**Problem description**
Locate the line containing "The Economic Freedom" in the material below. Copy that line and all following lines through the end exactly, omitting any pictures.

.....

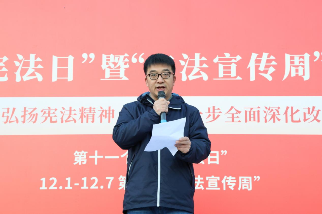何树称副院长在现场讲话时指出,宪法规定了国家的基本制度、公民的基本权利,是全体人民意志的集中体现,它引领着我们不忘初心、牢记使命,坚定不移地走中国特色社会主义法治道路。他强调,作为新时代的青年学子,大家肩负着建设社会主义法治国家的重任,希望全体师生积极参与到“宪法宣传周”及“校园法治宣传教育月”的各项活动中来,共同营造尊崇宪法、学习宪法、遵守宪法、维护宪法的良好氛围,共同为建设社会主义法治国家而努力奋斗。
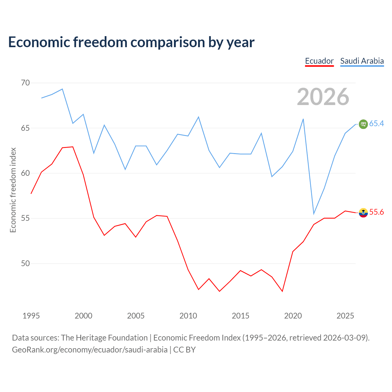 The Economic Freedom Index for Ecuador is 55.6, ranking 127/197, compared to 65.4 for Saudi Arabia, ranking 65/197. The chart above displays a comparison of annual changes in economic freedom indexes.
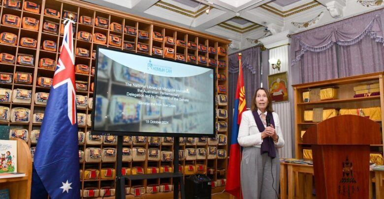 Монгол Улсын Их Хурлын дарга Дашзэгвийн Амарбаясгалангийн урилгаар Австралийн Холбооны Улсын Парламентын Сенатын танхимын Ерөнхийлөгч Сюзан Лаянс тэргүүтэй Сенатын гишүүд 2024 оны 10 дугаар сарын 16-19-нд Монгол Улсад албан ёсоор айлчилж байна. Зочид төлөөлөгчид өнөөдөр /2024.10.18/ Монгол Улсын Үндэсний номын сангийн Үнэт ховор номын музейд зочилж, Монголын оюуны өв, хосгүй ховор бүтээлүүдтэй танилцлаа.
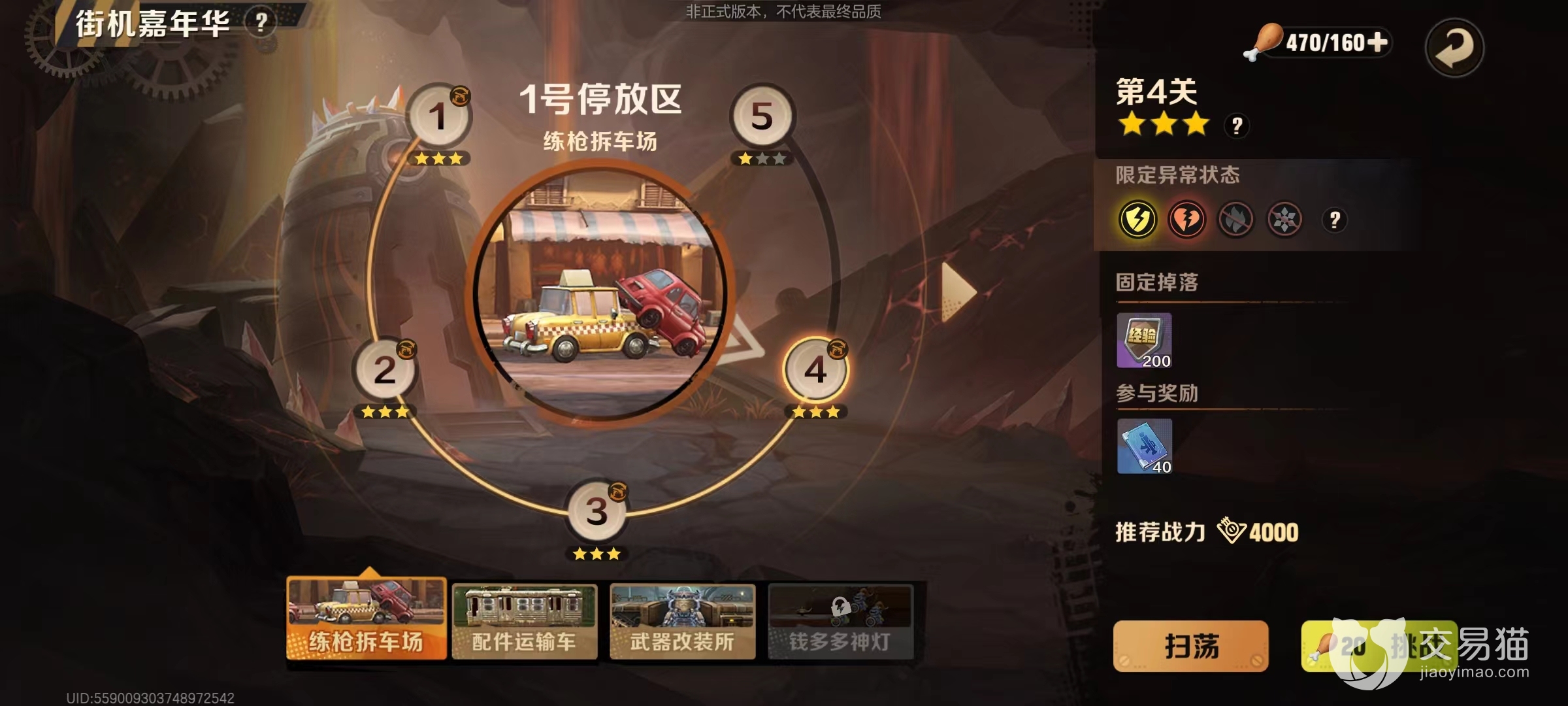 练车拆车场就街机嘉年华其中的一个玩法,有多个关卡可以挑战,每次挑战需要20点体力,3星通关后就可以解锁扫荡功能。扫荡可以直接选择战斗的次数,然后就能获得军工卡奖励了。
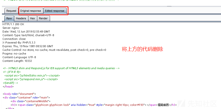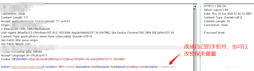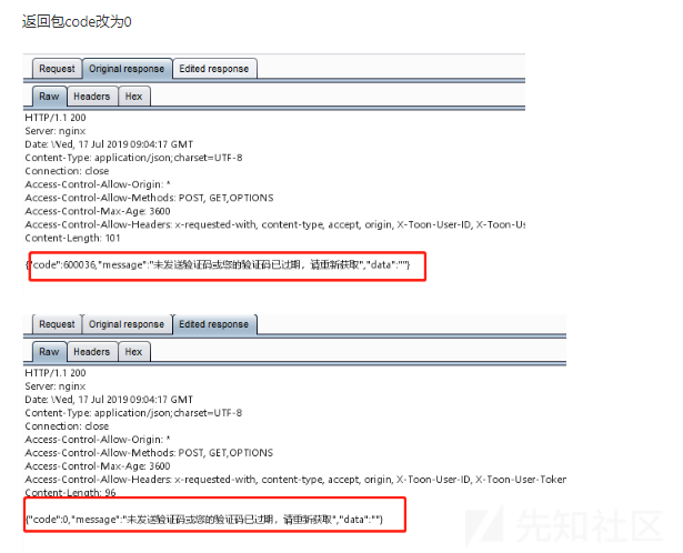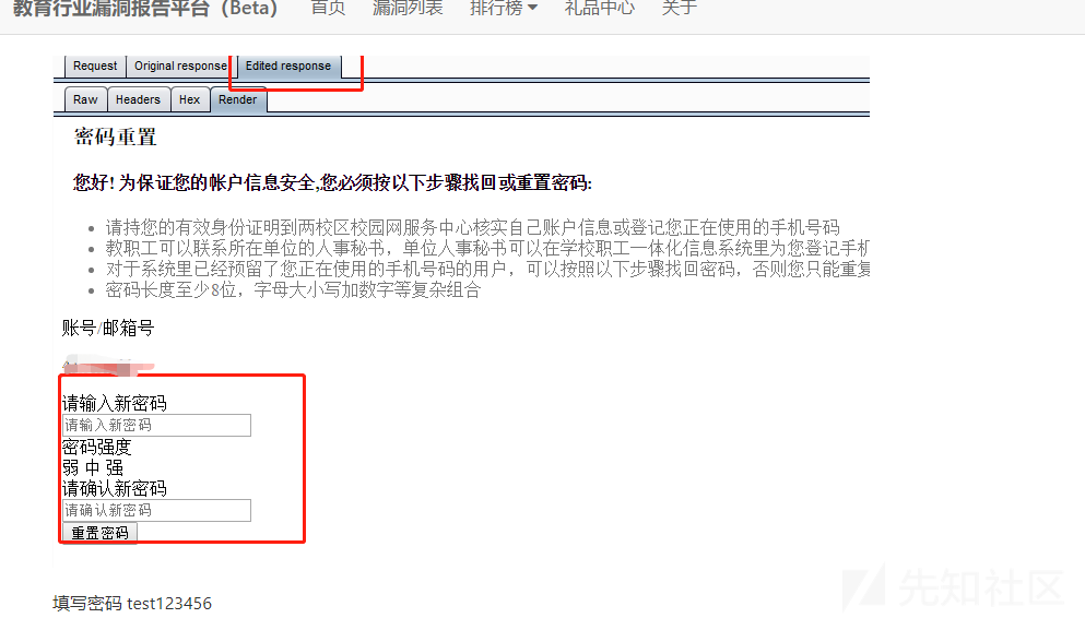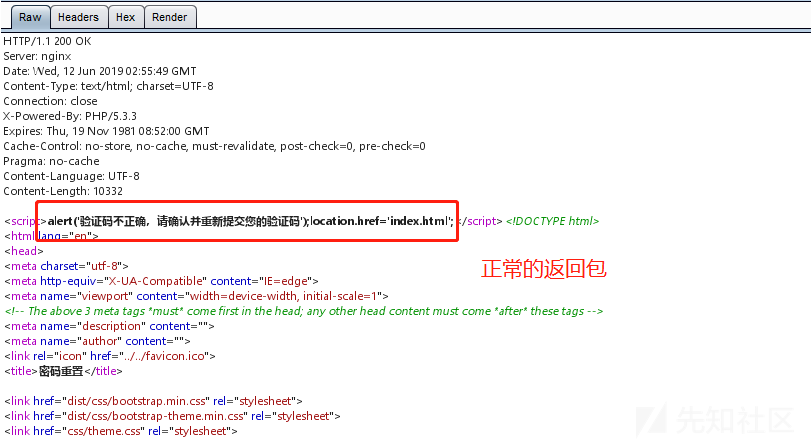 很好理解,短信验证码,重置链接等一系列用于重置密码过程认证的值在burp返回包响应泄露。

.....

**Completed task**
 The Economic Freedom Index for Ecuador is 55.6, ranking 127/197, compared to 65.4 for Saudi Arabia, ranking 65/197. The chart above displays a comparison of annual changes in economic freedom indexes.
 Монгол Улсын Их Хурлын дарга Дашзэгвийн Амарбаясгалангийн урилгаар Австралийн Холбооны Улсын Парламентын Сенатын танхимын Ерөнхийлөгч Сюзан Лаянс тэргүүтэй Сенатын гишүүд 2024 оны 10 дугаар сарын 16-19-нд Монгол Улсад албан ёсоор айлчилж байна. Зочид төлөөлөгчид өнөөдөр /2024.10.18/ Монгол Улсын Үндэсний номын сангийн Үнэт ховор номын музейд зочилж, Монголын оюуны өв, хосгүй ховор бүтээлүүдтэй танилцлаа.
 练车拆车场就街机嘉年华其中的一个玩法,有多个关卡可以挑战,每次挑战需要20点体力,3星通关后就可以解锁扫荡功能。扫荡可以直接选择战斗的次数,然后就能获得军工卡奖励了。
 很好理解,短信验证码,重置链接等一系列用于重置密码过程认证的值在burp返回包响应泄露。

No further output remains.